We are arguing a lot and it’s nearly always due to me being triggered by something. It could be something small like a plan to have dinner changed because he was late coming home from work or something (in my head) bigger like him planning a trip away with his make friends - cue incoming fears of being forgotten about , cheated on , not good enough, not what he wants , thinking he doesn’t want a family life because he also wants to get drunk with his friends occasionally 🥺😞. I know it sounds irrational but others with similar traumas abs BPD may understand how consuming these fears are.
Our entire weekend was ruined by one of these episodes , I cried so much, shaking in fear , thoughts of self harm abs suicide, threatened to leave and go home on my own (we were away for weekend).
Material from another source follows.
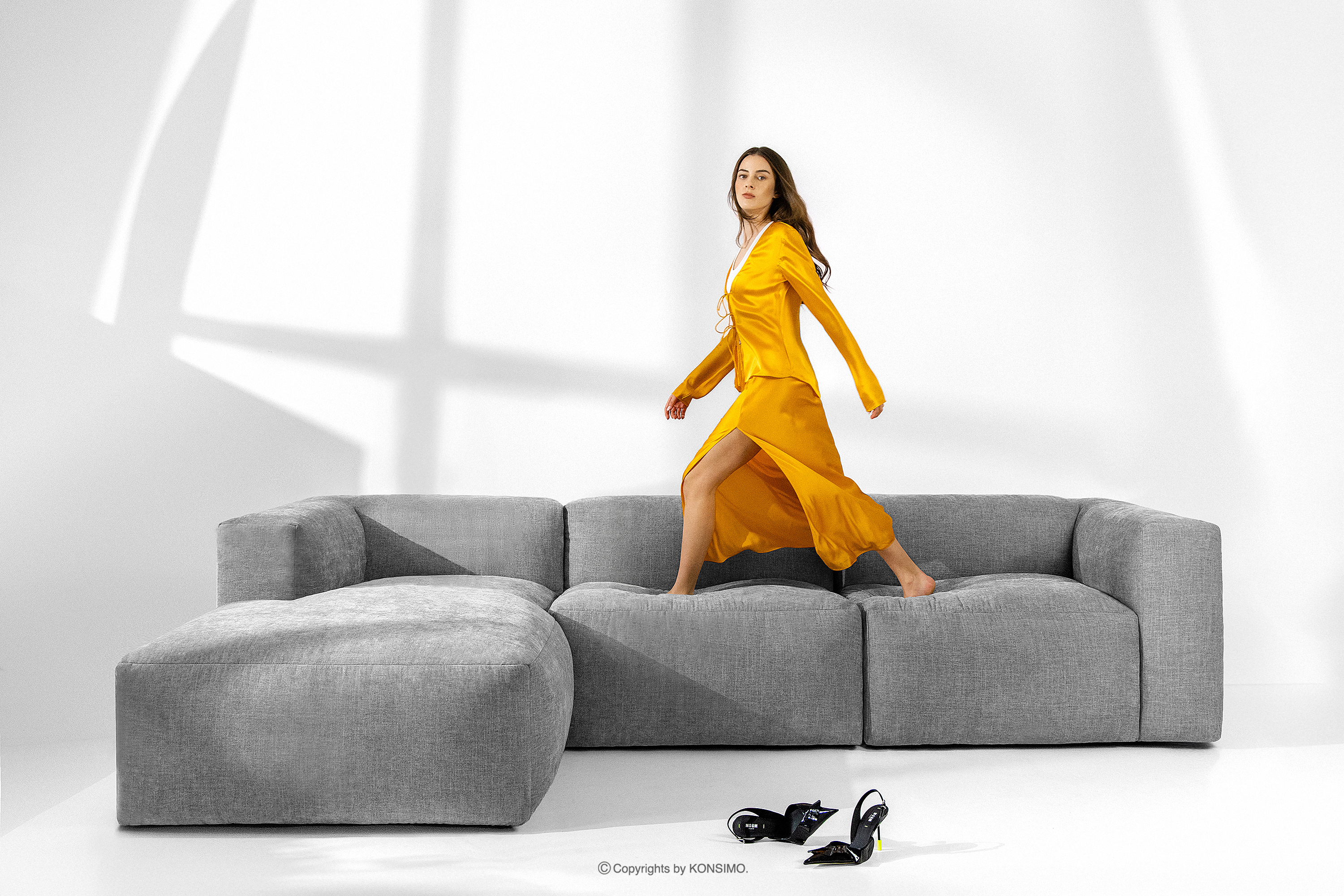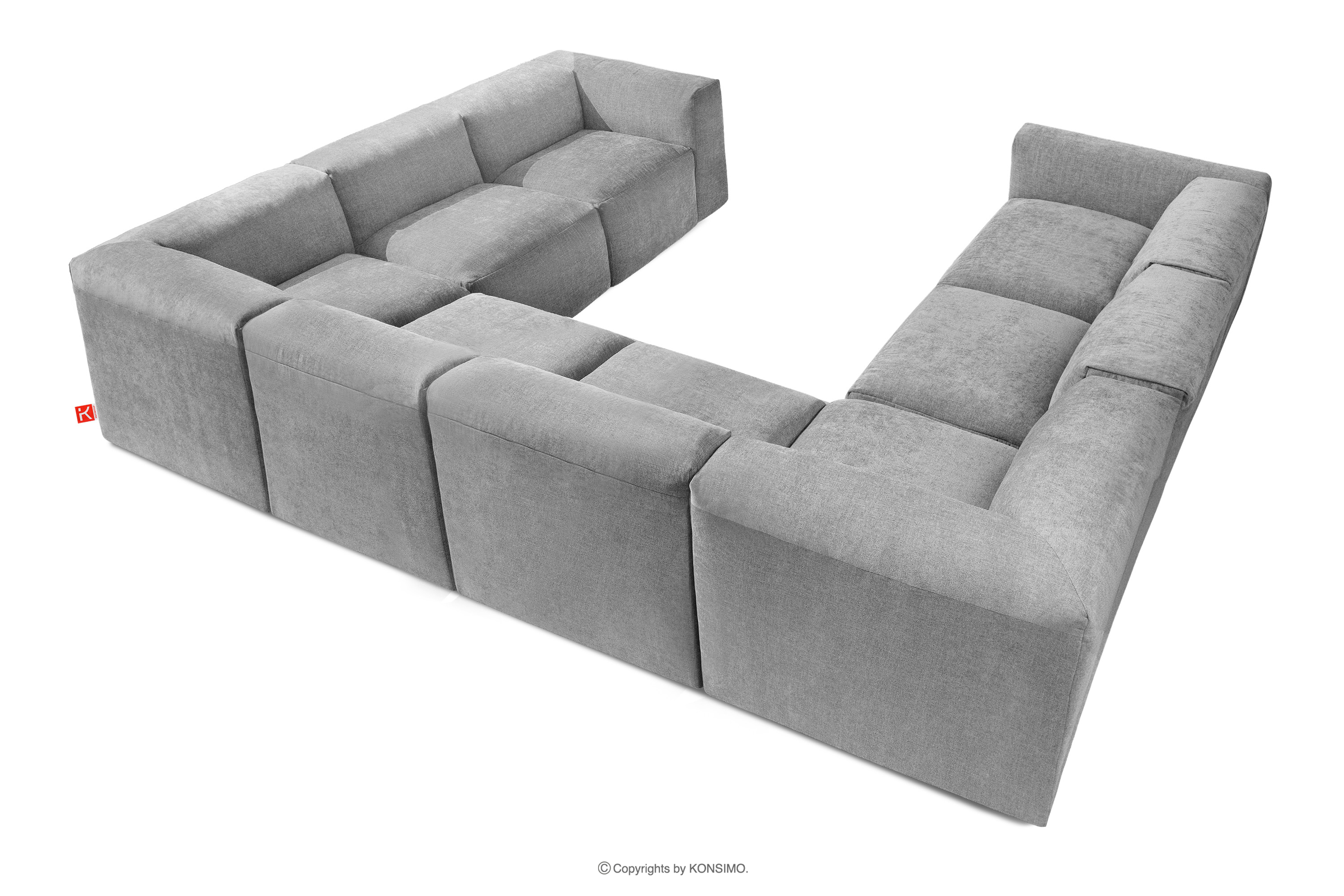 BUFFO zobacz całą kolekcję Duży narożnik boho U w tkaninie plecionej jasny popielaty- kolor jasny popielaty

All the advice I read says when you feel scared do things like - take a bath, go for a walk in the park, exercise etc but in real life often these things are completely impractical and won’t make any difference . Does anyone have tips on how to calm down and express my fears without it turning into an argument?
I’ve offered a DBT work book but the preview of that also says things like instead f cutting, draw on your arm or squeeze an ice cube - how can I do that when I’m hiding upstairs in a friends house , freaking out and away from home ??
I love my partner so much and I don’t want to push him away. I don’t want to live in fear for the rest of my life.
Sorry so long winded. Any advice much appreciated!